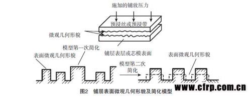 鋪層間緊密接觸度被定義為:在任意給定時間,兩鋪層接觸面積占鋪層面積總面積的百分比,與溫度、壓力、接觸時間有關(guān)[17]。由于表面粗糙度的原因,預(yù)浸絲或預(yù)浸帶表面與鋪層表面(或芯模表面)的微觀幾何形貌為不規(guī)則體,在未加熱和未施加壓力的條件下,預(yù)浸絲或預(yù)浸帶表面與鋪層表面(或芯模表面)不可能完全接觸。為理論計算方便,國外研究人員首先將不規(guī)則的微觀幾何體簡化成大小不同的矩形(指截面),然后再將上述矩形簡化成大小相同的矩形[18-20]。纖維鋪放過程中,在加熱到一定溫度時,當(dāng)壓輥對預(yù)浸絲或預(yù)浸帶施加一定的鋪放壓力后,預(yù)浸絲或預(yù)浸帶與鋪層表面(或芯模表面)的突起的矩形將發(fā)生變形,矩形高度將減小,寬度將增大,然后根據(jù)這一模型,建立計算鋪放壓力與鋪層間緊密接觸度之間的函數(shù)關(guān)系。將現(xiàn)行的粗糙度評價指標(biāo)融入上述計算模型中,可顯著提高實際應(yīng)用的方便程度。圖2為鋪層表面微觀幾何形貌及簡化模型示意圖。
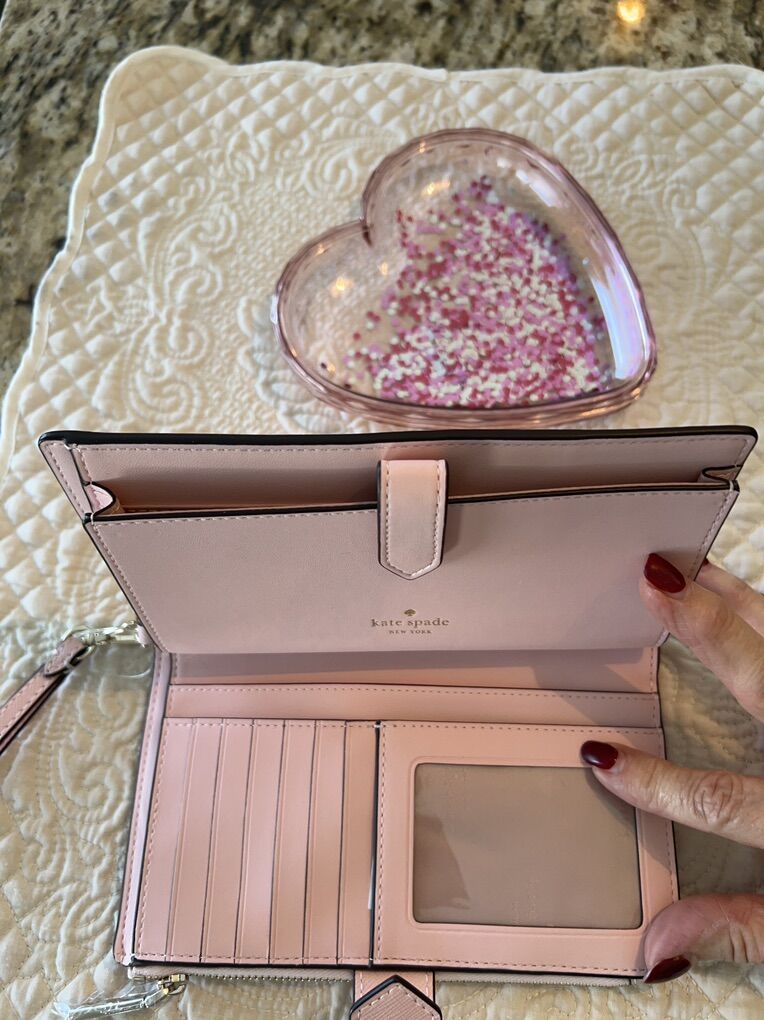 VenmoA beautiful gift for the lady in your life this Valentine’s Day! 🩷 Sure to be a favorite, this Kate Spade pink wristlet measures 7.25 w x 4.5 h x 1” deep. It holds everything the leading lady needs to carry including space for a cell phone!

--

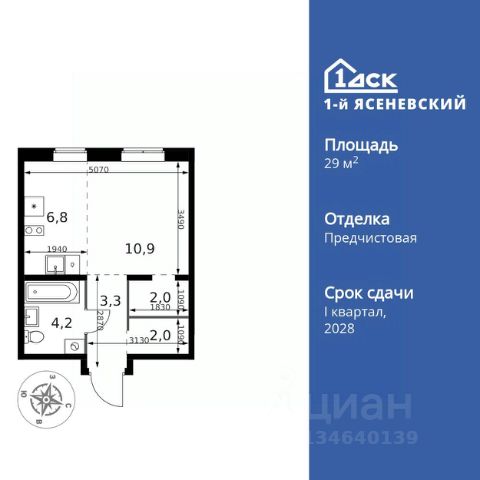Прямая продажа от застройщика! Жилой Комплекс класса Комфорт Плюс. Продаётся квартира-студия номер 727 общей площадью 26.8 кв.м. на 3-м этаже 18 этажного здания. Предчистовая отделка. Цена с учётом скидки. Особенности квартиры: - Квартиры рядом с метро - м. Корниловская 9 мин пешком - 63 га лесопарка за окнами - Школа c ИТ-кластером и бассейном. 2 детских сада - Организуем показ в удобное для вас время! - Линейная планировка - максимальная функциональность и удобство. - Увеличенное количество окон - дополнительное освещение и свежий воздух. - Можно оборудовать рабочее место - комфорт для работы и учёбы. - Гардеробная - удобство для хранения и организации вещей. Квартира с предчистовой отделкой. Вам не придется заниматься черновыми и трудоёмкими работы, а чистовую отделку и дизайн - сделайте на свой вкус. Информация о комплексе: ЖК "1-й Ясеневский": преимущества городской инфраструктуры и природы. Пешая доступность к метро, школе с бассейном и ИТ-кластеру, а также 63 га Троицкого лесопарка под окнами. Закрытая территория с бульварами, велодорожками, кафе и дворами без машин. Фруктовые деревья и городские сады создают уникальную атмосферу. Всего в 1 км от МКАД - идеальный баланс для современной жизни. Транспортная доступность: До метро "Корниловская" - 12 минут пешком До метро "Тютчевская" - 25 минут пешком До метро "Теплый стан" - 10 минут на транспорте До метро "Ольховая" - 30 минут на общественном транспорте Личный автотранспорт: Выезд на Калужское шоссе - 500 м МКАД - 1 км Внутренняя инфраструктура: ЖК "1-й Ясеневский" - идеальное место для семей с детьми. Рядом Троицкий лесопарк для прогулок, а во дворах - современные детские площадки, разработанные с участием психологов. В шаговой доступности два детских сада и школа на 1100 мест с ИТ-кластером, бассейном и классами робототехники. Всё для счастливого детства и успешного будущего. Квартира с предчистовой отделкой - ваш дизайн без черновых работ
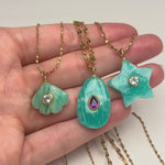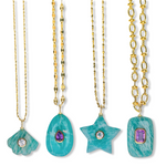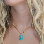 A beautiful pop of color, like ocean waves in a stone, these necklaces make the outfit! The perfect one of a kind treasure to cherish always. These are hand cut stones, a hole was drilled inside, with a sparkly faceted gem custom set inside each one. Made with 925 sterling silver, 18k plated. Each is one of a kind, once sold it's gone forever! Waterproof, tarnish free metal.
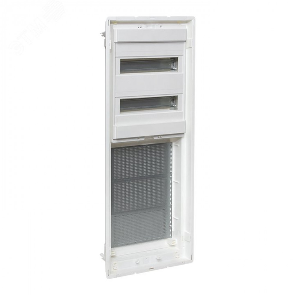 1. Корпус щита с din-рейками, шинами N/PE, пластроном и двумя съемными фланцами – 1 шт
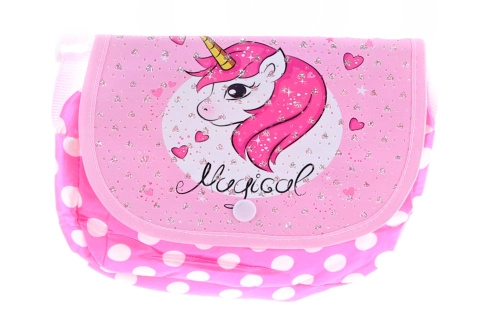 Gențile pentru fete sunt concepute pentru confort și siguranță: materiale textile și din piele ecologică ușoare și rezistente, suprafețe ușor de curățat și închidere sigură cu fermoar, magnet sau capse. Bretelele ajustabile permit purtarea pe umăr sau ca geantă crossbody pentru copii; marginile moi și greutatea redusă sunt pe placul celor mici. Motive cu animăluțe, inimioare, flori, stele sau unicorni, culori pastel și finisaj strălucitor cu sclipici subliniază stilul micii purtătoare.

---

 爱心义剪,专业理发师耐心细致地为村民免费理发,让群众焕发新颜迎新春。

**DIRECTIONS:**
Nothing but the lines above from the one that has "A beautiful pop" down to the one that has "1. Корпус щита" belongs in the answer, copied exactly, without pictures.

**SOLVED PROBLEM:**
 A beautiful pop of color, like ocean waves in a stone, these necklaces make the outfit! The perfect one of a kind treasure to cherish always. These are hand cut stones, a hole was drilled inside, with a sparkly faceted gem custom set inside each one. Made with 925 sterling silver, 18k plated. Each is one of a kind, once sold it's gone forever! Waterproof, tarnish free metal.
 1. Корпус щита с din-рейками, шинами N/PE, пластроном и двумя съемными фланцами – 1 шт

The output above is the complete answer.